Trees Bees Us
Reinhard Fichtl, Weissgerbergraben 5, 93047 Regensburg, Germany
Honey bees are found frequently visiting the flowers for pollen and nectar. This tree is one of the most valuable lowland honey sources of Eritrea and Ethiopia and yields very satisfactory surpluses of honey.
Securidaca longepedunculata is recommended for planting to increase honey production
Violet Tree (English), Arbre à serpent (French)
A much-branched semi-deciduous shrub or small tree, growing up to 5 m high, (occasionally up to 12 m) with an often flattened or slightly fluted bole, and with an open, rather straggly looking crown. The branches are slender, erect or drooping, and hairy.
Pale brown to grey brown, rough with very small dark-coloured scales.
Alternately arranged, simple and entire, oblong to oblonglanceolate and up to 6 cm long.
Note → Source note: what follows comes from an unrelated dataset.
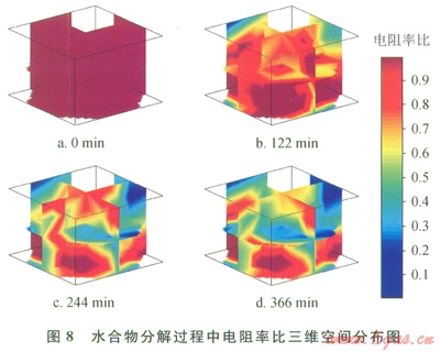 圖8是水合物分解過程中電阻率比三維空間分布圖。如圖8所示,圖8-a為開采前的水合物電阻率比三維分布圖,此時(shí)所有測(cè)點(diǎn)的電阻率比均為初始值l。圖8-b為開采第l22分鐘的電阻率比三維分布圖,此時(shí)水合物開采處于降壓開采階段,可以看見水合物藏內(nèi)的水合物開始分解,并且分解主要集中于上層,這可能是由于開采井位于上層的原因。而圖8-c和圖8-d分別為第244分鐘和第366分鐘的電阻率比云圖,可發(fā)現(xiàn)水合物藏中的電阻率比持續(xù)下降,表明水合物持續(xù)分解。并且在第366分鐘(圖8-d)達(dá)到最低。

On long slender stalks produced in beautiful profusion in terminal axillary sprays 3-5 cm long, appearing with the very young leaves; very fragrant with the scent of violets, reddish purple to pink. Flowers in abundance at the beginning of the rainy season.
More or less a round nut, winged, yellow green to red.
Found in Eritrea and Ethiopia 500-1,700 m and elsewhere in a broad range of vegetation, from semi-arid scrub to dense forest, including many woodland and bush habitats, in semi-arid lowland savannah and gallery forests.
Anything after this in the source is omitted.